Yedullahtaki yed kelimesini el gibi düşünmemeli. Mesela, (Falanca şehir,
filanca valinin elinde) denilince, o şehrin valinin elinin içinde değil, onun
idaresi altında olduğu anlaşılır. İstiva, vech gibi kelimeler böyle tevil
edilir. (İlcam-ül-avam)
Seyyid
Abdülhakim Arvasi hazretleri de buyuruyor
ki:
Allahü teâlâ, zamanlı ve mekânlı olmadığı için, hazır ve nazırdır
sözü mecazdır. Yani zamansız ve mekânsız [hiçbir yerde olmayarak] hazırdır
[bulunur] ve nazırdır [görür] demektir. Allahü teâlânın
bütün sıfatları zamansız ve mekânsız olduğu gibi, hazır ve nazır olması da,
zaman ile ve mekân ile değildir.
Allahü teâlâ, mekândan münezzehtir. Düşünülen her şey O değildir.
Hiçbir şeye benzemez. İnsanların kolay anlaması için mecazi teşbihlerde
bulunarak hadis-i kudsilerde buyuruyor ki:
(Ey
Âdemoğlu, bana gelmek için ayağa kalkarsan, ben de sana doğru yürürüm. Bana
doğru yürürsen, ben de sana doğru koşarım.) [İ.
Ahmed]
(Sevdiğim
kulumun gören gözü, işiten kulağı, tutan eli, yürüyen ayağı, konuşan dili
olurum. İstediğini veririm.) [Beyheki]
(Bana
bir karış yaklaşana, ben bir arşın yaklaşırım. Bir arşın yaklaşana, bir kulaç
yaklaşırım. Yürüyerek gelene, koşarak yaklaşırım.) [Buhari]
Demek
ki, Allahü teâlâ, affetmek ve bol sevap
vermek için, bir vesile arıyor.

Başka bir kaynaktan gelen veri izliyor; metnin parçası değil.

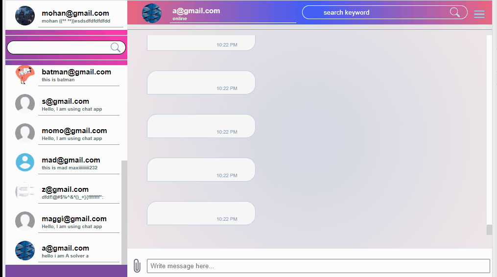 It is a Chat App build using Html, Css, Javascript for frontend and Node, Express as backend with MongoDb as database.It user socket.io library for real time communication .This chat app has following features.
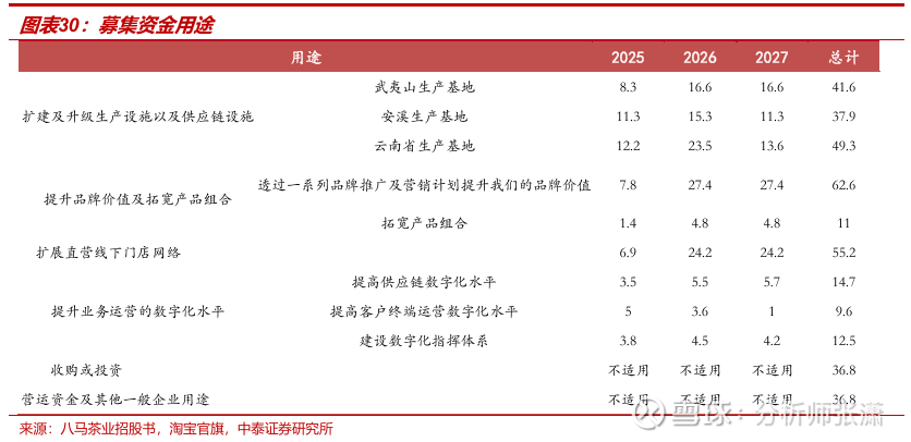 八马茶业此次全球发售所得款项净额约为3.68亿港元,将主要用于扩建生产基地(占35%)、提升品牌价值及扩大产品组合(占20%)以及扩展直营线下门店网络(占15%)。未来,八马在保持传统高端市场优势的基础下,将开发更丰富的产品品类,向更年轻、更大众的市场进行拓展,以适应整体茶叶行业消费需求的变化。

Bir kere inanarak kelime-i şehadet söyleyene,
bunu muhafaza edip Müslüman olarak ölene sonsuz olarak Cennetini veriyor.
Kelime-i şehadet söyleyen kimse, haramlardan kaçmaz ve ibadetleri yapmazsa, imanlı
ölmesi çok zordur. İmansız ölen de ebedi olarak Cehennemliktir. İmanlı ölen de,
günahlarının cezasını çektikten sonra Cennete girer. Yahut affa uğrayarak
Cennete girer. İmanlı ölmek için de, Allahü teâlânın
emir ve yasaklarına riayet etmek gerekir.
Mümin,
orta yolda olmalıdır. Yani Allahü teâlânın
rahmetinden ümidini kesmemeli, azabından da emin olmamalıdır!